[Data extract Boundary: Start]
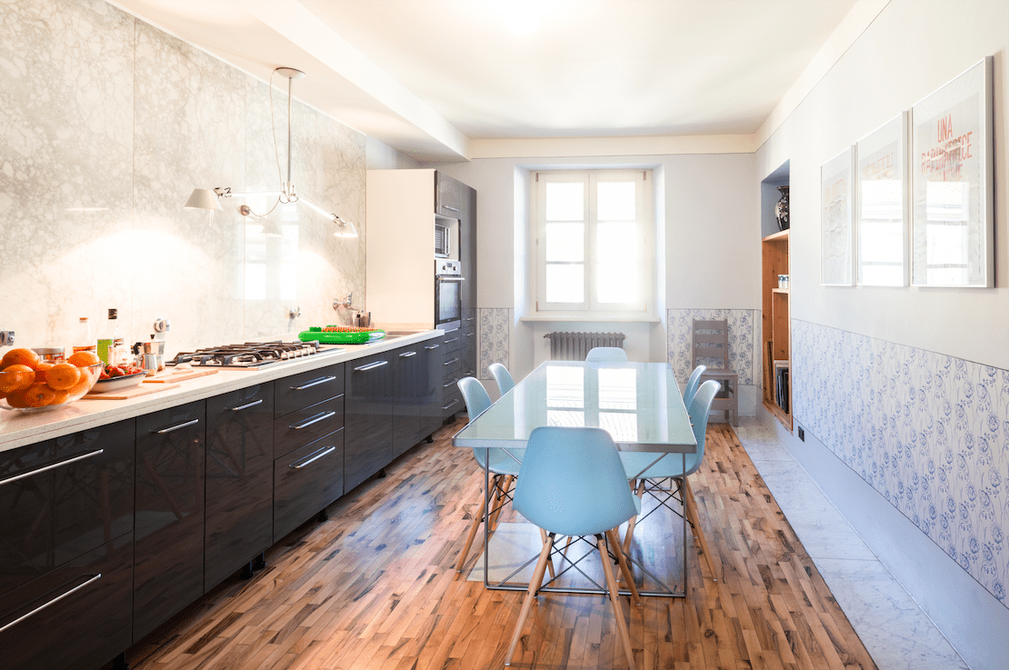 La grande cucina e il vasto soggiorno conferiscono alla casa un ampio respiro e rendono la permanenza in Via San Massimo una vacanza anche se foste in città per lavoro.
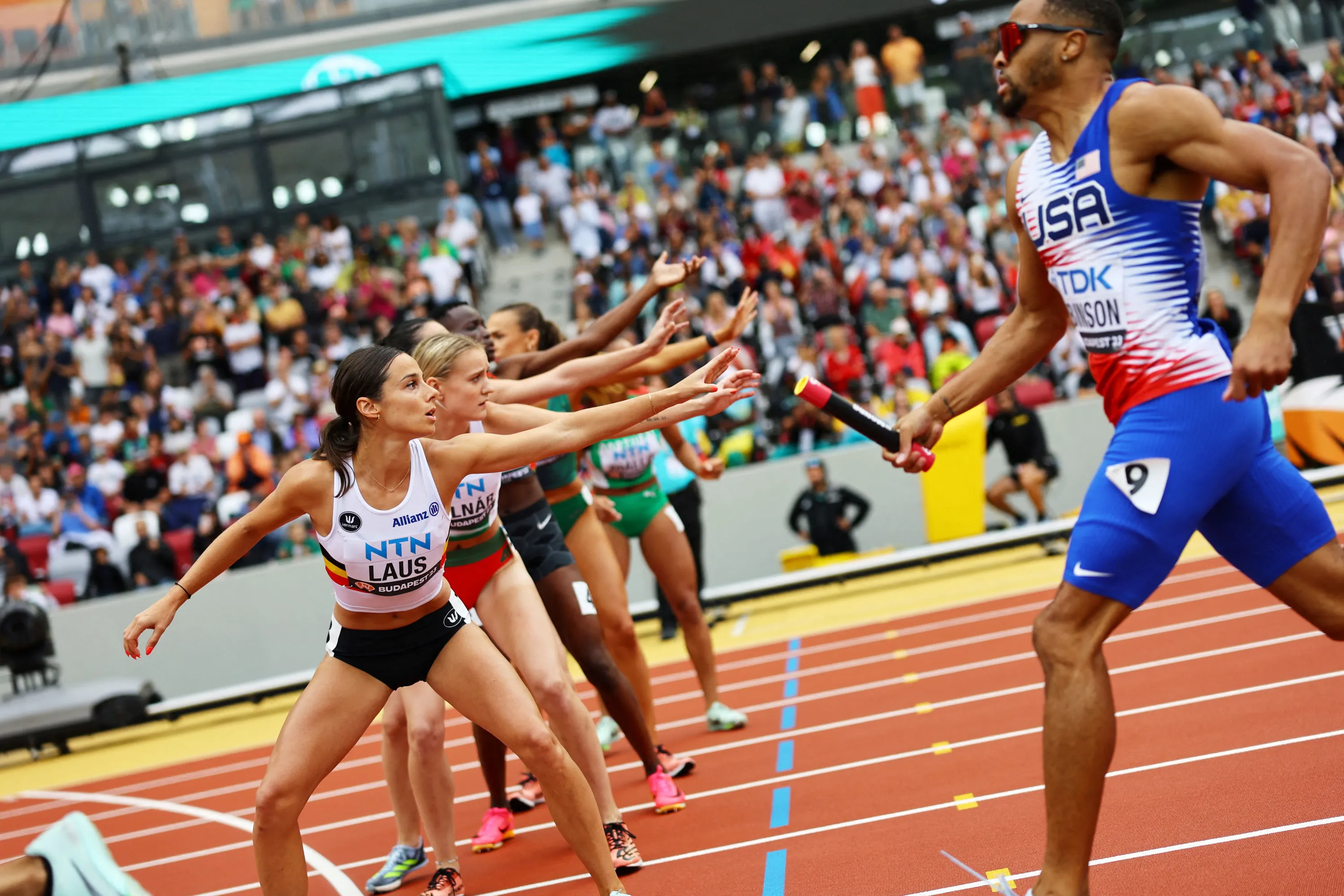 Racers wait for their batons during Heat 1 of the mixed 4x400m relay on August 19, 2023 in Budapest, Hungary. (Photo by Kai Pfaffenbach/Reuters)
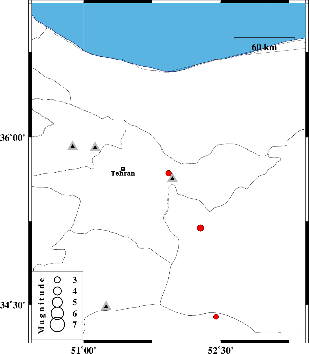 | 2010/07/16 | 03:41:47.9 | 08:11:47.9 | 35.19 | 52.28 | 46 | ML:3.3 | Semnan Province, 6 km Garmsar | ||
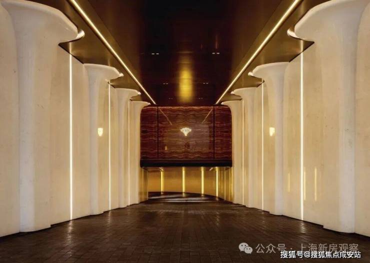 6、社区含“奢材”量很高。门庭延街的外立面,以精工定制弧形米色石材为主调,镶嵌典藏级老虎玉大理石,点缀古铜色现代海派艺术感灯器,整体呈现出百年海派的贵雅气质。
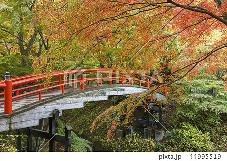 深紅のモミジと河鹿橋 伊香保温泉湯元
[Data extract Boundary: End]
▶ What you need to do
Excluding the pictures, restate word for word the lines from the one that holds "Garmsar | ||" through the last line of the entries, both ends included.

▶ Your response
 | 2010/07/16 | 03:41:47.9 | 08:11:47.9 | 35.19 | 52.28 | 46 | ML:3.3 | Semnan Province, 6 km Garmsar | ||
 6、社区含“奢材”量很高。门庭延街的外立面,以精工定制弧形米色石材为主调,镶嵌典藏级老虎玉大理石,点缀古铜色现代海派艺术感灯器,整体呈现出百年海派的贵雅气质。
 深紅のモミジと河鹿橋 伊香保温泉湯元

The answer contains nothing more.